Exercise goal: Each line from the top of the listing down to and including the line with "Usai mengikuti vaksinasi" must be duplicated exactly; pictures are to be skipped.

+++ Data records

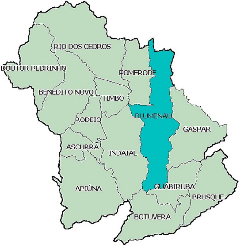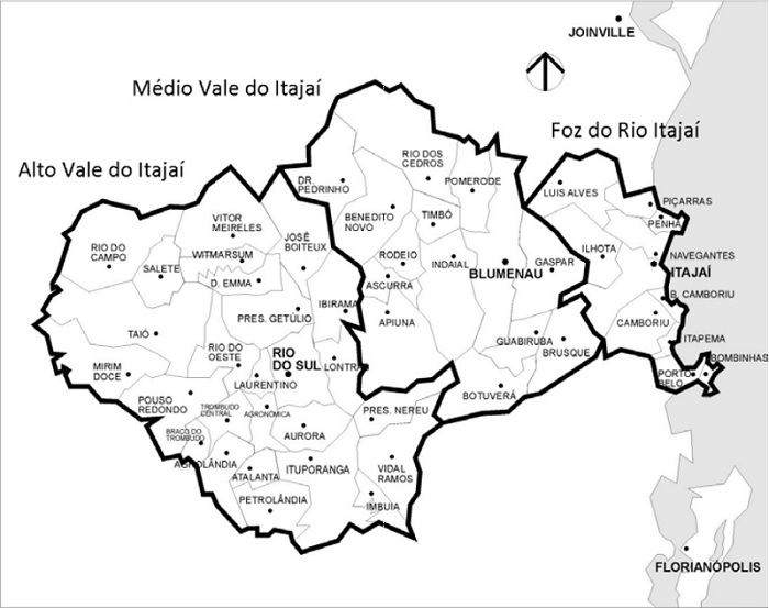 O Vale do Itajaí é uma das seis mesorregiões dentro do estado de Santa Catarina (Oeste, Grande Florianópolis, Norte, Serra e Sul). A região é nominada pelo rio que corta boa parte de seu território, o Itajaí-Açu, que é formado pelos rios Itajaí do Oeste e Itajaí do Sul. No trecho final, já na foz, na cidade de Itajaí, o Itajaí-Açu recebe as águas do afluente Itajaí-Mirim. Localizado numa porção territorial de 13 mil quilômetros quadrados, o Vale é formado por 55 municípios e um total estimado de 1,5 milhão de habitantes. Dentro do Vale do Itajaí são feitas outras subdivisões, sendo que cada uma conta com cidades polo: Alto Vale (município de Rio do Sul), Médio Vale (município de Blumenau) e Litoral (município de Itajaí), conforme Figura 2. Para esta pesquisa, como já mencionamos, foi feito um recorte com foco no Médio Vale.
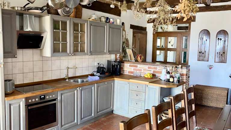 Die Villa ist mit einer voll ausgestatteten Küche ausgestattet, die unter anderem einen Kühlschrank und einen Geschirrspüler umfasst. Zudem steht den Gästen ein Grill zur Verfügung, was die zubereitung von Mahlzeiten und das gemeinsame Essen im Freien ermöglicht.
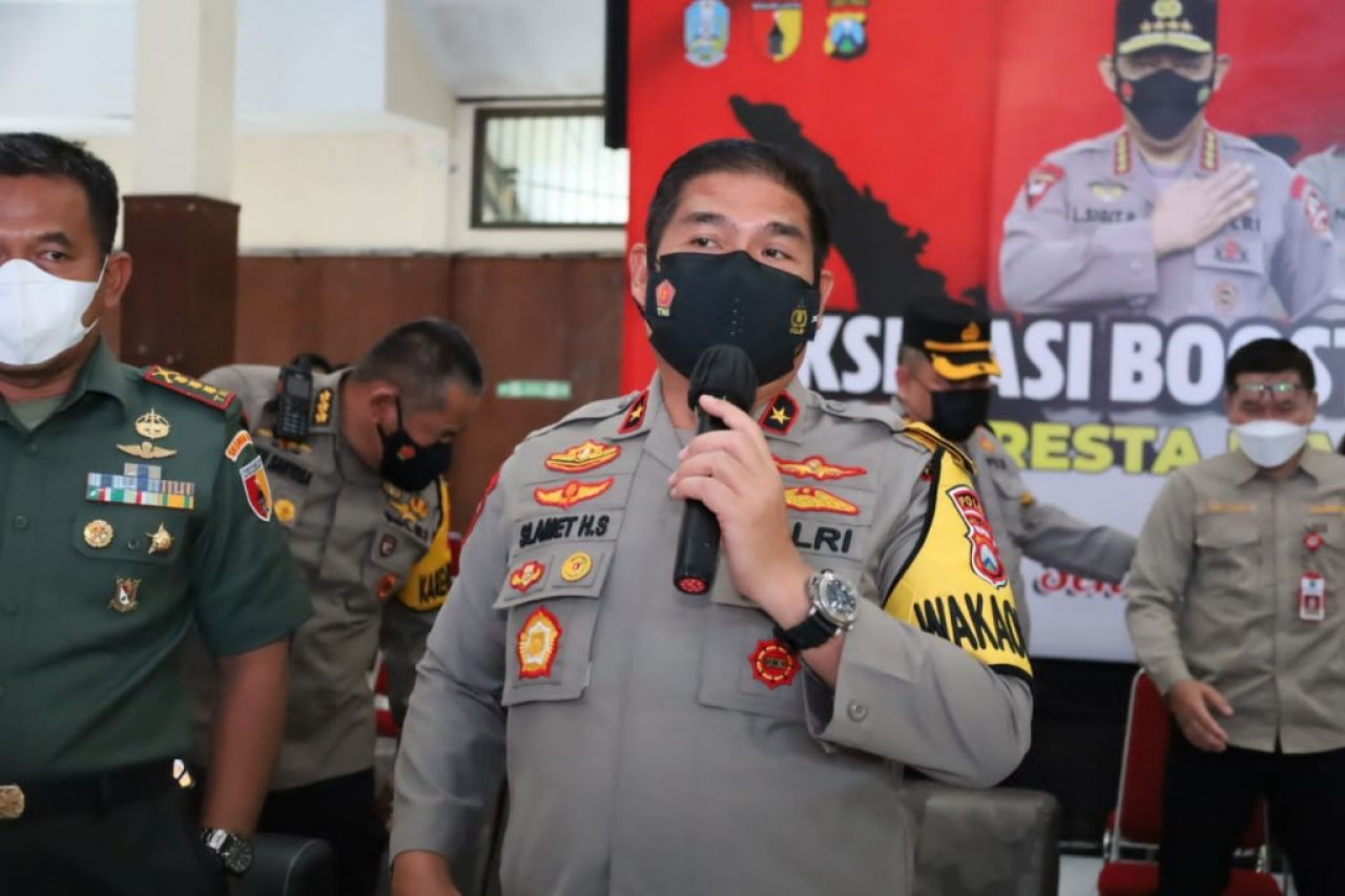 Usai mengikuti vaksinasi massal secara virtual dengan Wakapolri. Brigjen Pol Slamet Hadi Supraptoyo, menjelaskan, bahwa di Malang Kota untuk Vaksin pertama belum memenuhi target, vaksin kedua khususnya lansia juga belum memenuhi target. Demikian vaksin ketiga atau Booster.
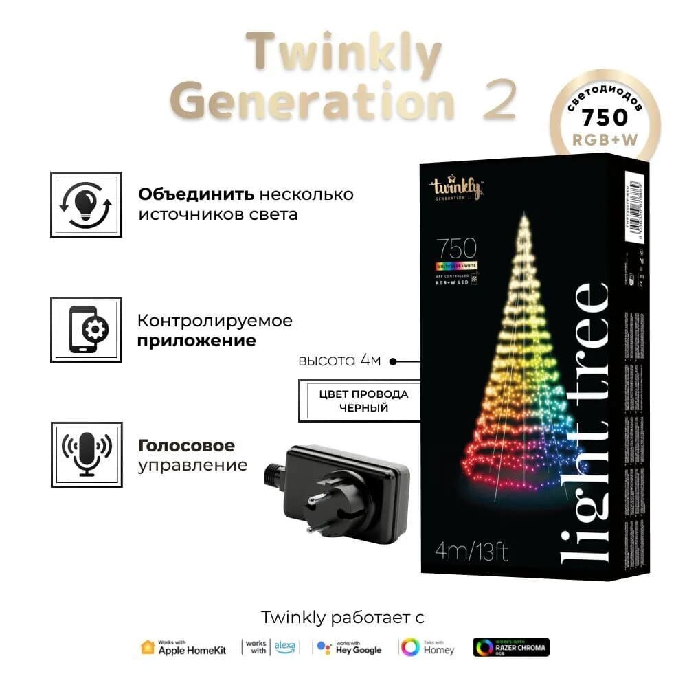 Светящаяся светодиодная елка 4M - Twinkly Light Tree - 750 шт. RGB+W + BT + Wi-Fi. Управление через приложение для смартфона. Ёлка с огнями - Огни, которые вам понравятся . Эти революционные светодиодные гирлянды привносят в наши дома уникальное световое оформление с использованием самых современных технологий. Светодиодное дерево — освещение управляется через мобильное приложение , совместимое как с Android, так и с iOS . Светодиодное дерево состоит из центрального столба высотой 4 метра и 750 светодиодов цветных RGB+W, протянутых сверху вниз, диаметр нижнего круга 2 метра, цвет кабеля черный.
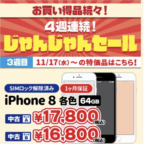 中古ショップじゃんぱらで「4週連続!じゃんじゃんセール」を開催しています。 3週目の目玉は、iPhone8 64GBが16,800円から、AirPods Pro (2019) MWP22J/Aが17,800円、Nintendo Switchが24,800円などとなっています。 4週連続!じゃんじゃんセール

++++++

Answer to this exercise:
 O Vale do Itajaí é uma das seis mesorregiões dentro do estado de Santa Catarina (Oeste, Grande Florianópolis, Norte, Serra e Sul). A região é nominada pelo rio que corta boa parte de seu território, o Itajaí-Açu, que é formado pelos rios Itajaí do Oeste e Itajaí do Sul. No trecho final, já na foz, na cidade de Itajaí, o Itajaí-Açu recebe as águas do afluente Itajaí-Mirim. Localizado numa porção territorial de 13 mil quilômetros quadrados, o Vale é formado por 55 municípios e um total estimado de 1,5 milhão de habitantes. Dentro do Vale do Itajaí são feitas outras subdivisões, sendo que cada uma conta com cidades polo: Alto Vale (município de Rio do Sul), Médio Vale (município de Blumenau) e Litoral (município de Itajaí), conforme Figura 2. Para esta pesquisa, como já mencionamos, foi feito um recorte com foco no Médio Vale.
 Die Villa ist mit einer voll ausgestatteten Küche ausgestattet, die unter anderem einen Kühlschrank und einen Geschirrspüler umfasst. Zudem steht den Gästen ein Grill zur Verfügung, was die zubereitung von Mahlzeiten und das gemeinsame Essen im Freien ermöglicht.
 Usai mengikuti vaksinasi massal secara virtual dengan Wakapolri. Brigjen Pol Slamet Hadi Supraptoyo, menjelaskan, bahwa di Malang Kota untuk Vaksin pertama belum memenuhi target, vaksin kedua khususnya lansia juga belum memenuhi target. Demikian vaksin ketiga atau Booster.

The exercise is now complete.